* _WHAT IS BEING ASKED_
Nothing outside the lines below from the one containing "Техна — современная" through the one containing "종류로는 민트실리프팅, 파워코그리프팅, 엘라스티꿈리프팅" is to be printed; print those exactly, ends included, and drop the pictures.

(RECORDS SUPPLIED begins)

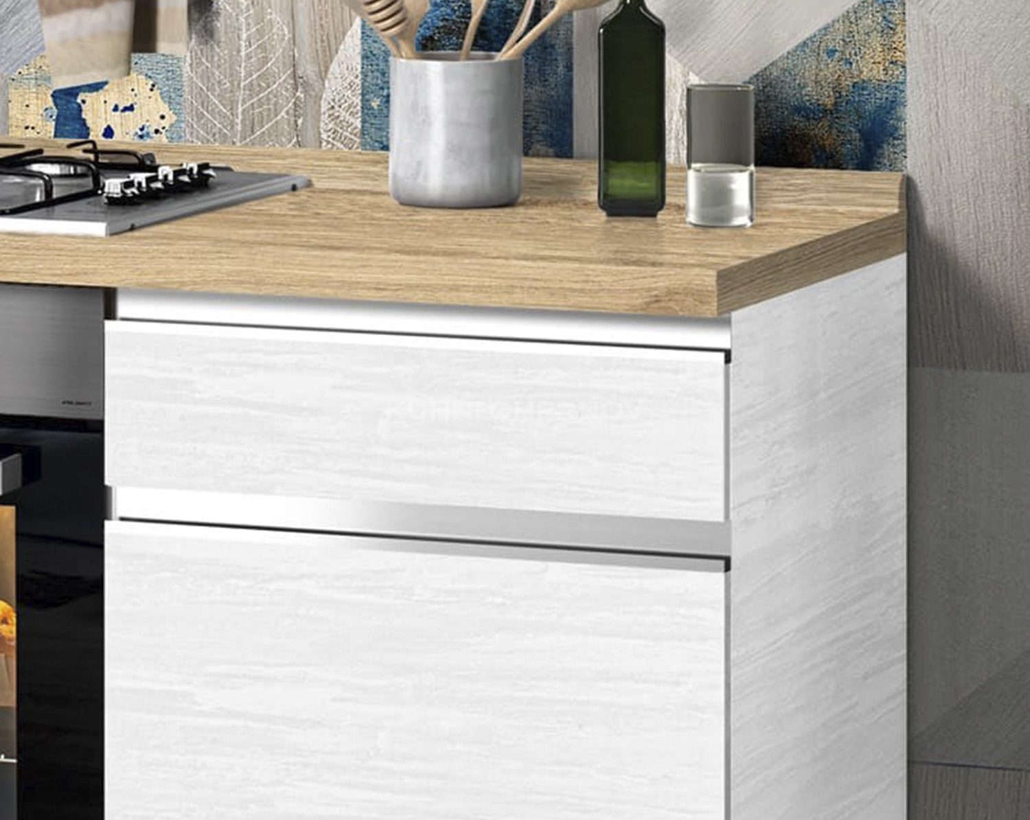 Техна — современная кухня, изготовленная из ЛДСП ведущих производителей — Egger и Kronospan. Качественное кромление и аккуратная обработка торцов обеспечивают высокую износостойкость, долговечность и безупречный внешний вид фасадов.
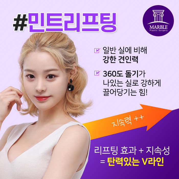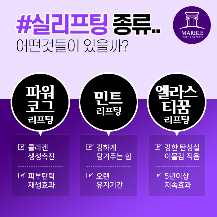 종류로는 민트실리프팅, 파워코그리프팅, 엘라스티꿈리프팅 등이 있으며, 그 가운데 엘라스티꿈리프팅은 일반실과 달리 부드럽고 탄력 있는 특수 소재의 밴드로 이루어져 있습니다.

(RECORDS SUPPLIED ends)
(RECORDS SUPPLIED begins)

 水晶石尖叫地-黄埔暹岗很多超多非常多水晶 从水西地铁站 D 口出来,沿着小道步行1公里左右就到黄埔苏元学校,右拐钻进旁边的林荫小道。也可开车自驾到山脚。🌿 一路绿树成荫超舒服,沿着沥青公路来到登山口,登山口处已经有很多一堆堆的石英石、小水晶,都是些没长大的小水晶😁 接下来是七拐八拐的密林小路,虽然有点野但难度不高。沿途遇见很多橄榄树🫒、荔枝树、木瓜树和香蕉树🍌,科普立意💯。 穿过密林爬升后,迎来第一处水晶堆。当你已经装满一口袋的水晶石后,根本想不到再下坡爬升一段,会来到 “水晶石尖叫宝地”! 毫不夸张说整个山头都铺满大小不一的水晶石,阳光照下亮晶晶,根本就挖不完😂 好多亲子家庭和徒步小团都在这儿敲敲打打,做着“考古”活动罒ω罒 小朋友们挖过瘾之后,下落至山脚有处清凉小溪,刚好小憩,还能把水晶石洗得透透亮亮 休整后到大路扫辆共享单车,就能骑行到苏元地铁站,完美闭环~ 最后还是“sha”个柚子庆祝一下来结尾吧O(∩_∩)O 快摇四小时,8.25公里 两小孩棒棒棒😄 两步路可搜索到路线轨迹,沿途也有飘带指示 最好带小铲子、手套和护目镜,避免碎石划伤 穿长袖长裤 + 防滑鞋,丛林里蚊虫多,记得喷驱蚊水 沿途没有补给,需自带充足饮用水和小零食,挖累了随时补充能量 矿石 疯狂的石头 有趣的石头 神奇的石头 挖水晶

(RECORDS SUPPLIED ends)

* _WRITTEN ANSWER_
 Техна — современная кухня, изготовленная из ЛДСП ведущих производителей — Egger и Kronospan. Качественное кромление и аккуратная обработка торцов обеспечивают высокую износостойкость, долговечность и безупречный внешний вид фасадов.
 종류로는 민트실리프팅, 파워코그리프팅, 엘라스티꿈리프팅 등이 있으며, 그 가운데 엘라스티꿈리프팅은 일반실과 달리 부드럽고 탄력 있는 특수 소재의 밴드로 이루어져 있습니다.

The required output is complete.